Here we implement a similar surface characterization approach along with dissolved elements analysis to describe an effect of mild and strong alkaline cleaning on the surface chemistry of Zn-Al-Mg coatings at pH 9.3 and 12.7, respectively. Hereby, we investigate alkaline cleaning as a process involving carbonates removal and surface chemistry changes and therefore entail a study of the kinetics of elemental dissolution as well as elemental composition and chemical states conversion on the surface and vertical layering of surface oxides.

Experimental

Chemicals and materials

Zn–Al–Mg coatings (96 wt% Zn, 2.5 wt% Al and 1.5 wt% Mg) were produced by hot-dip galvanizing and subsequential skin-passing on a large-scale plant of voestalpine Stahl GmbH in Linz, Austria. The average coating weight per side was about 45 g m−2, corresponding to a thickness of 6 μm. The substrate was a DX56 low carbon steel. For comparative LEIS measurements non-skin-passed Zn-Al-Mg coatings with average coating weight per side of about 60 g m−2 were additionally used.

Two commercial cleaners were used. Cleaner 1 (Surtec133 from Surtec) is a mild alkaline cleaner with a pH of 9.3, based on phosphates, sodium tetraborate, and anionic and non-ionic tensides.
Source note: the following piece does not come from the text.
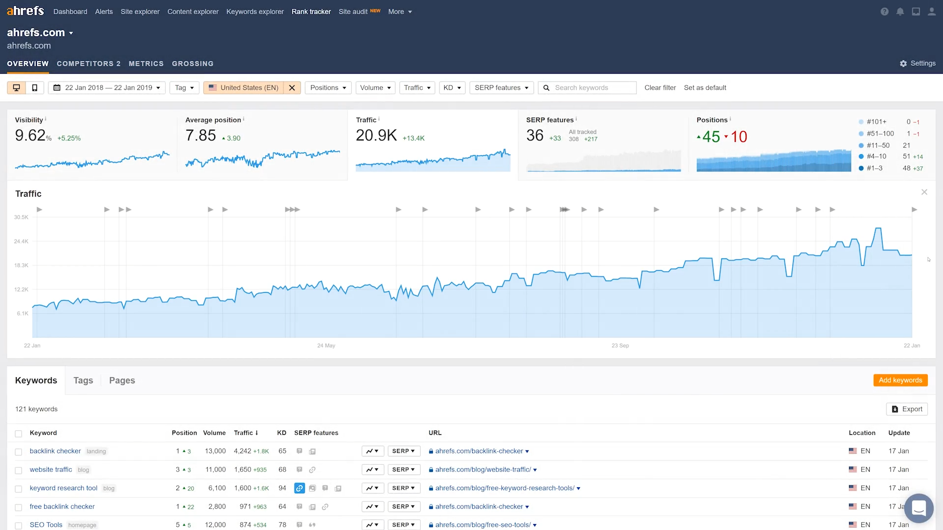 • Site Explorer: Provides a detailed view into any domain's organic traffic, top-ranking pages, keyword positions, and backlink profile

Cleaner 2 (Bonderite C-AK C 72 from Henkel) is a strong alkaline cleaner with a pH of 12.7, which is based on a mixture of alkali-based carbonates and silicates, mixed with salts of organic acids and non-ionic tensides. Cleaner solutions with a concentration of 20 g l−1 were prepared from the powder at 55 °C.

Methods

Infrared reflection absorption spectroscopy (IRRAS) was performed with a Vertex 70 v infrared spectrometer (Bruker, USA) with a LN-MCT wide range detector in the span from 4000 to 400 cm−1. The detector was cooled with liquid nitrogen prior to measurements. Spectra were recorded at an incident angle of 78° with a scan rate of 4 cm−1.

Inductively coupled plasma optical emission spectroscopy (ICP-OES) was carried out with a Spectro Arcos FHX3X system (Ametek, USA) with a vertically mounted torch at an analyte feed rate to the instrument of 30 rpm, generated by the peristaltic pump. The system was calibrated every day before the measurements using standard solutions of Zn, Al and Mg.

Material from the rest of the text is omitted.